Elisa Flaminia Inno is a director and documentary producer. After graduating in History and Film Criticism from DAMS at Roma Tre, she completed her documentary direction diploma at the National Institute of Image and Sound in Montreal, Canada. Her films address themes of cultural and gender identity in contemporary Italy, environmental preservation, and contemporary ethnography, with a strongly narrative approach. Her recent works include Pagani (2016, Istituto Luce, Cnc), Tutte a casa (La7, 2020) and Donne di Terra (2021, Rai Tre). She founded the 15|06 Film Association in Naples and is the Director of the international film festivals “Europa cinema al femminile” and “Mediterranea”. A lecturer in Audiovisual Disciplines and an independent researcher in Visual Anthropology, she has conducted research projects for the Istituto Centrale per il Patrimonio Immateriale in Rome and for the Visual Anthropology Laboratory “Annabella Rossi” at the University of Salerno.

Clovis Maillet specializes in gender issues and the history of trans identities. He holds a PhD from EHESS on medieval kinship under the supervision of Jean-Claude Schmitt (2010). Clovis Maillet has published La parenté hagiographique (Brepols, 2014) and Les genres fluides (Arkhê, 2020), and is preparing a book on trans history (Perrin) and another on trans ecologies (with Emma Bigé for LLL). He has taught at the Université Paris-Cité, ESAD TALM Angers, and UCO, and since 2023, he has been a lecturer at HEAD – Genève (HES-SO) and responsible for the Work.Master.

Henri de Riedmatten is a Swiss National Science Foundation (SNSF) Professor at the Department of Art History at the University of Geneva. He leads the research project “De la restauration comme fabrique des origines. Une histoire matérielle et politique de l’art à la Renaissance italienne.” His latest publication, Le suicide de Lucrèce. Éros et politique à la Renaissance, was published by Actes Sud in 2022. His current research focuses on iconoclasm and restoration issues, as well as animal representation in modern art.

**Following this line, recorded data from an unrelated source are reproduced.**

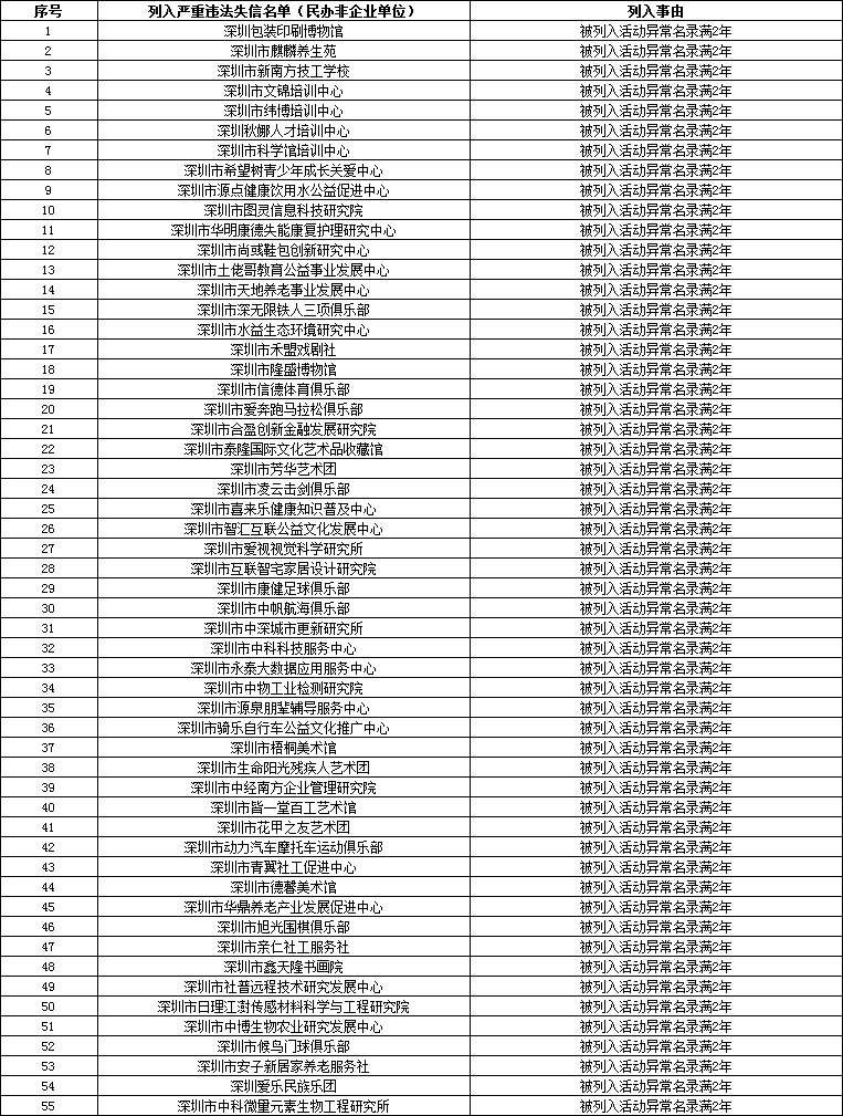 深圳市民政局公布一批嚴(yán)重違法失信名單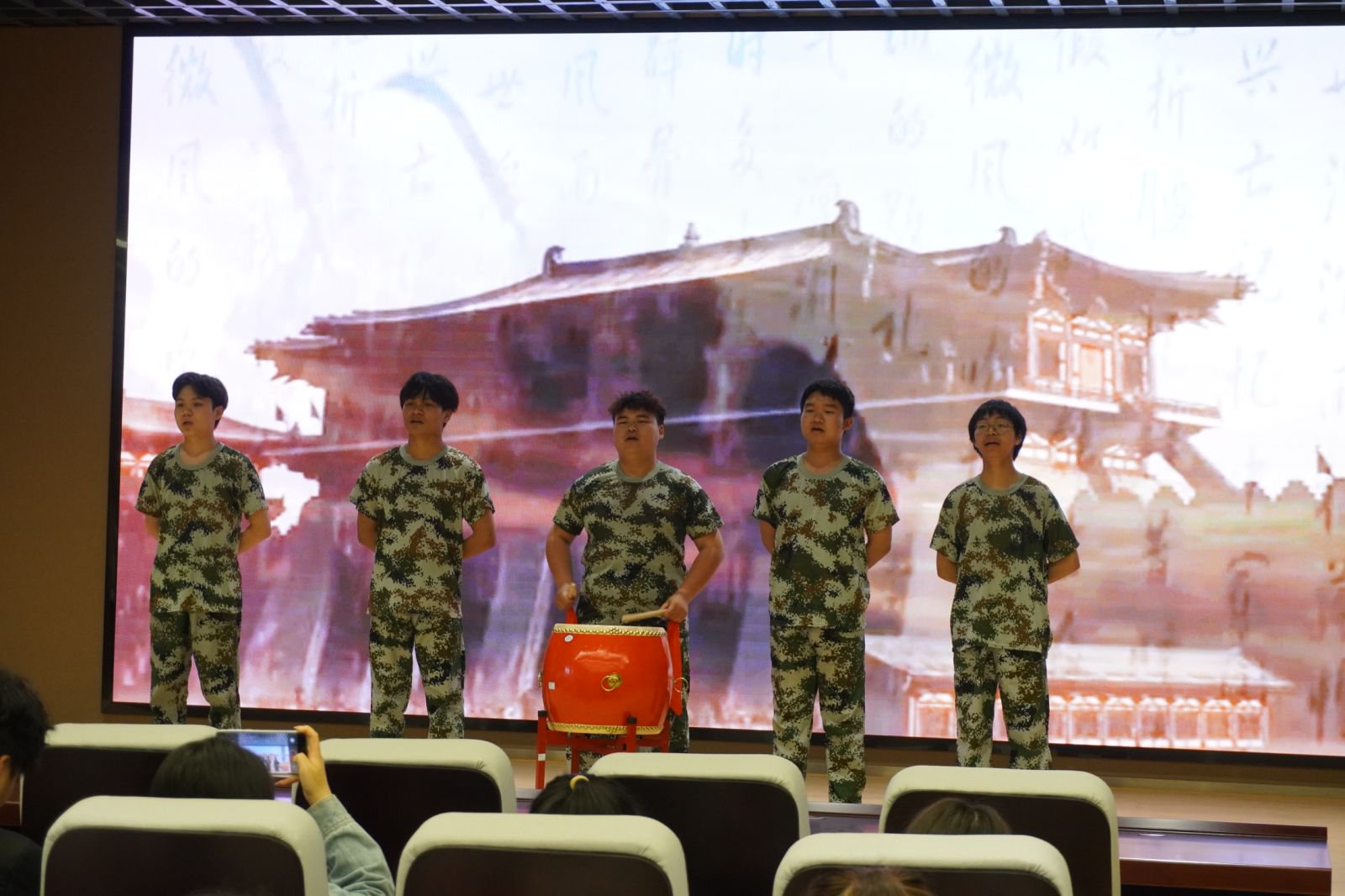 当身穿军训服打着军鼓的同学出场,用雄浑的男声吟诵着王昌龄的《出塞》,现场观众在“但使龙城飞将在,不教胡马度阴山”的吟诵声中,感悟着唐代军士们对和平的渴望,对家国的担当。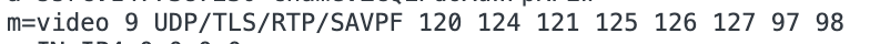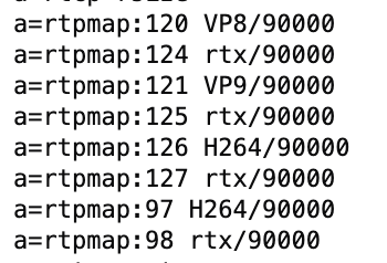 바로 이부분이다. m=video 9 UDP/TLS/RTP/SAVPF문우 뒤의 숫자 순서대로 우선순위를 가지며 사용가능한 코덱을 나열해 놓은 것이다. 해당 번호가 어떤 코덱인지는 스크롤을 내리면 아래쪽에 나와있다.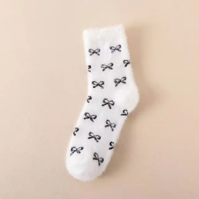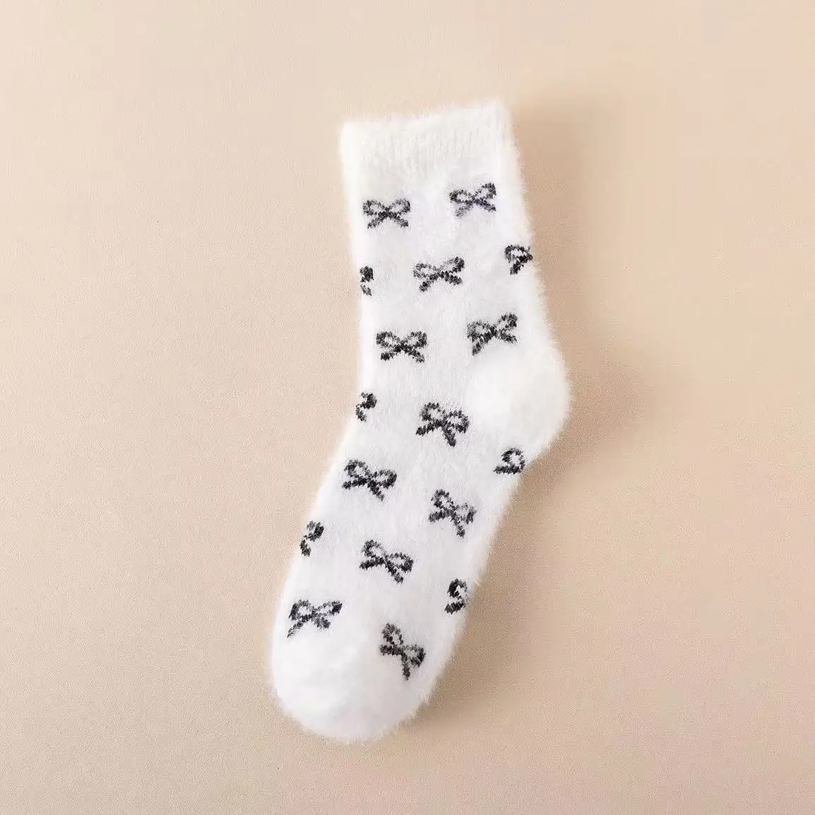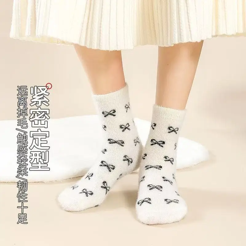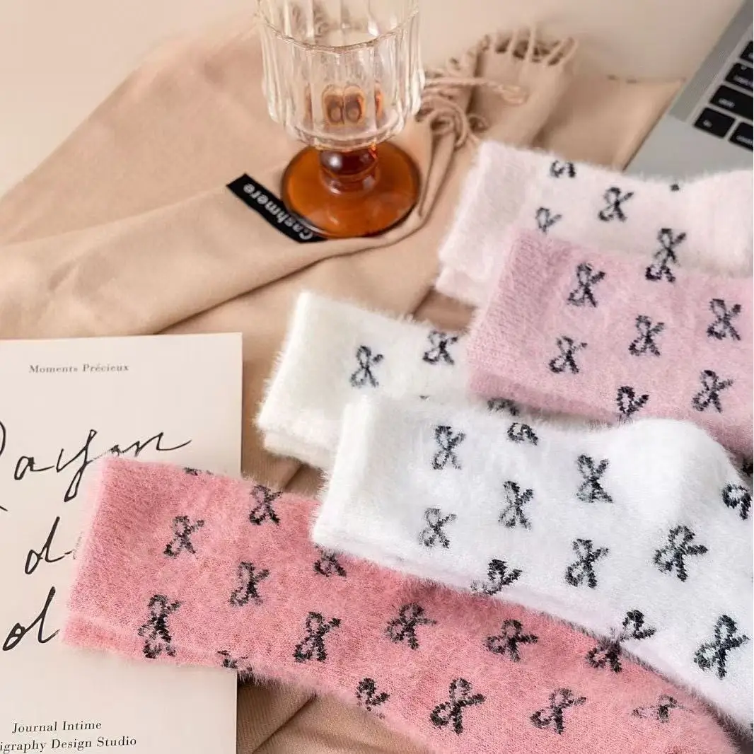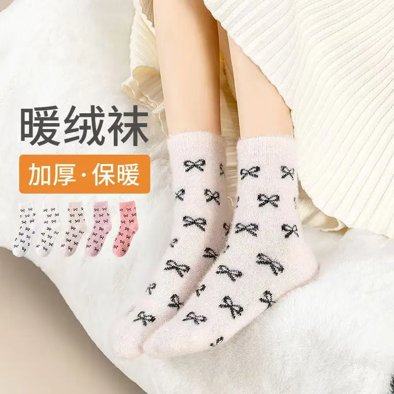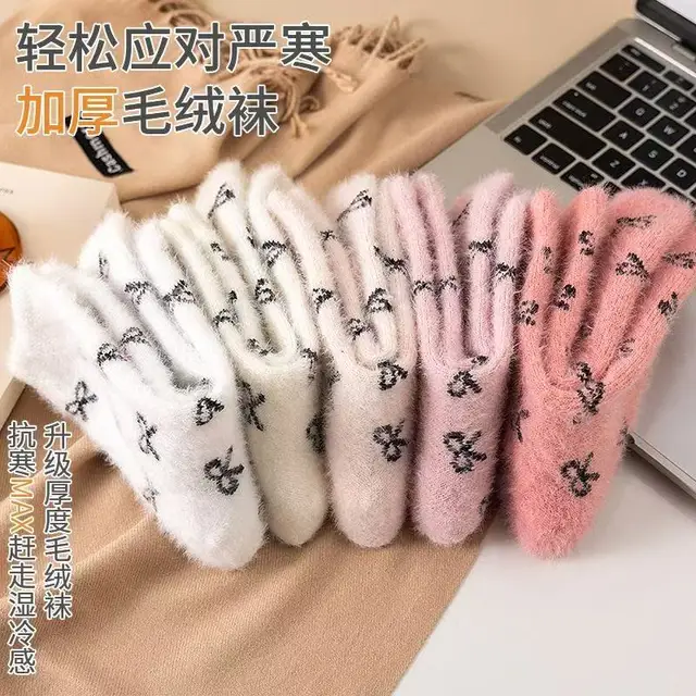5 Pairs Socks Autumn Winter Pink Mink Fleece Women mid-calf Thick fluffy Comfortable Home Postpartum Bow Sports Ankle Crew 8W266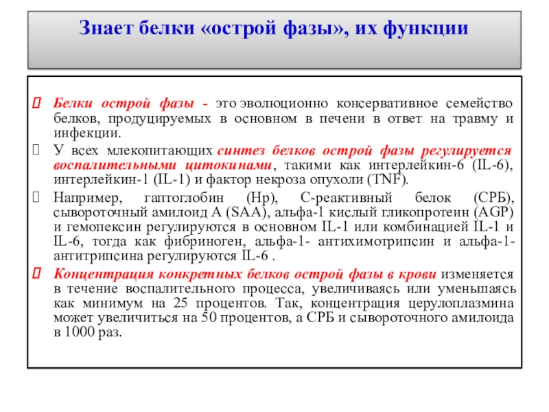 Например, гаптоглобин (Hp), С-реактивный белок (СРБ), сывороточный амилоид А (SAA), альфа-1 кислый гликопротеин (AGP) и гемопексин регулируются в основном IL-1 или комбинацией IL-1 и IL-6, тогда как фибриноген, альфа-1- антихимотрипсин и альфа-1-антитрипсина регулируются IL-6 .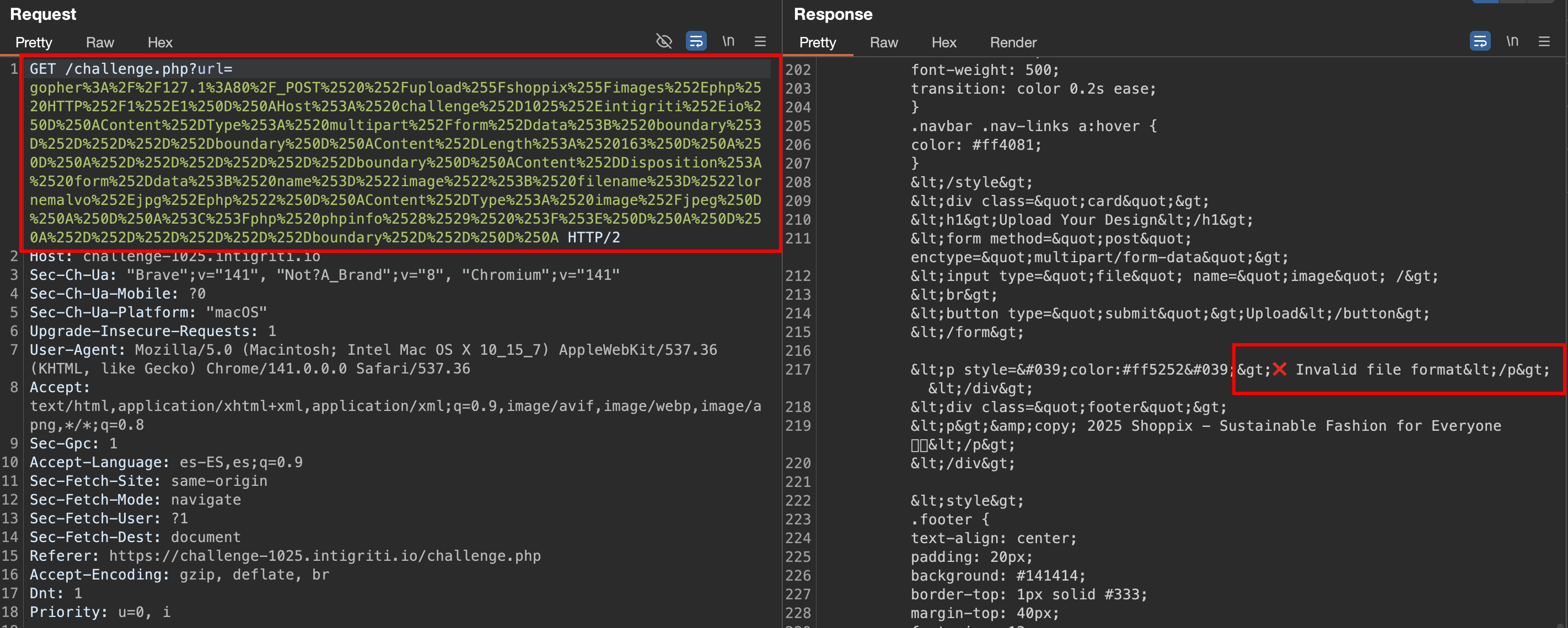 (right below) code we see that it sends a GET request along with the URL, so we cannot use SSRF to send a POST to/upload_shoppix_images.php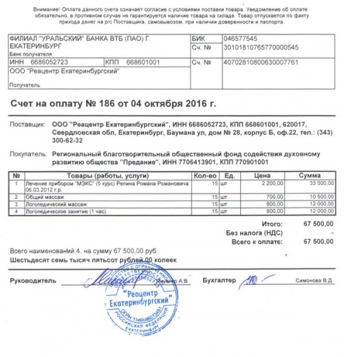 Пожертвование согласно ст.582 ГК РФ. Без налога (НДС)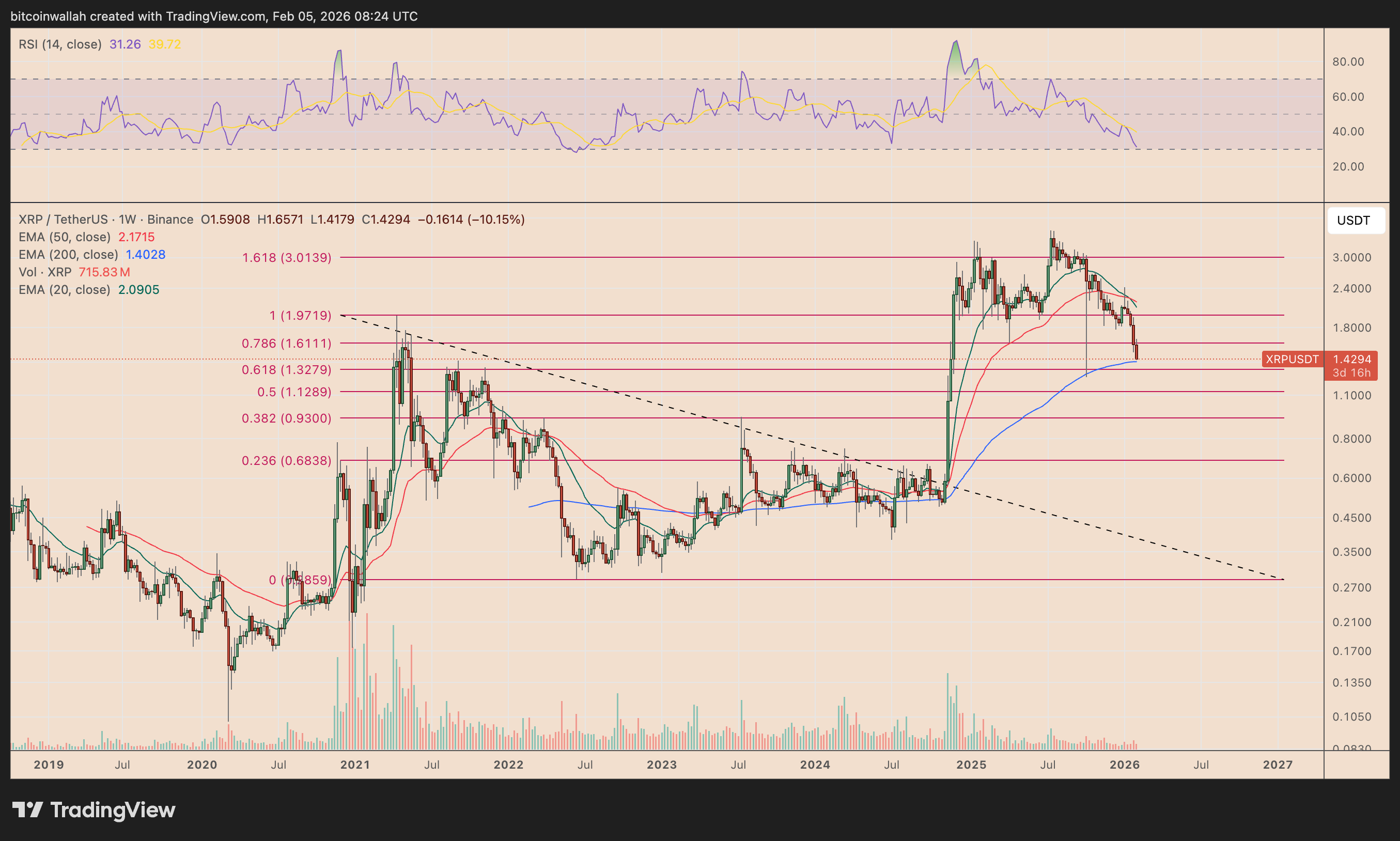 On the weekly chart, XRP is testing a critical confluence zone where the 200-week EMA aligns with the 0.618 Fibonacci retracement near $1.40–$1.43. This area has historically acted as a cycle-defining support.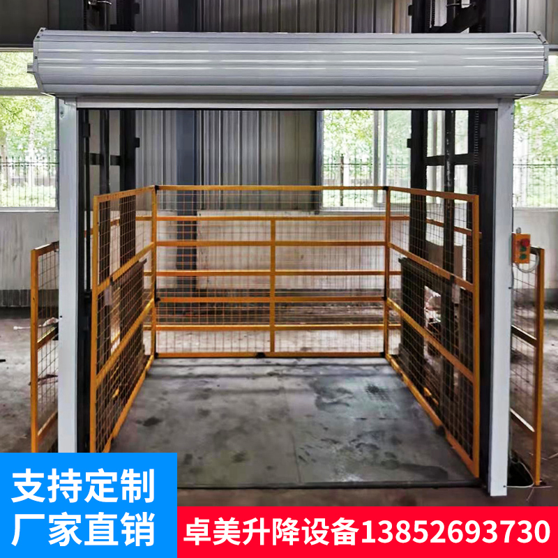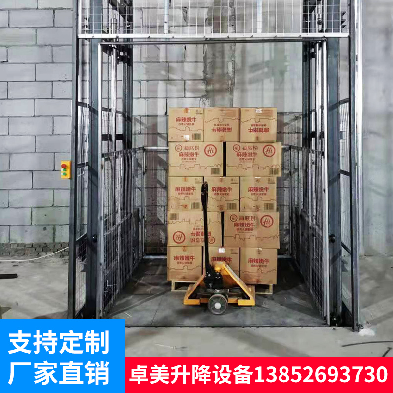 Cargo-ladder lift anti-fall simple rail-type plant lifter warehouse goods hydraulic electric lifting platform

Vincenzo Romano is known as the “Pilgrim Singer of Traditions.” He began playing the frame drum at the age of 9. He soon became known as the guardian of ancestral Neapolitan traditions. He performs on prestigious stages at traditional, ethical, and popular music festivals in Italy and Europe. He contributed to the film Al destino non chiedere quando by G. M. Valletta and the documentary Pagani by Elisa Flaminia Inno, providing soundtracks for both films (Flos Carmeli; Curri, curri mamma mia). As a singer-songwriter, he has released two albums, „Mammeddio“ and „Jamme ja.“

The event may be photographed and/or video recorded for archival, educational, and related promotional purposes. By attending this event, you are giving your consent to be photographed and/or video recorded.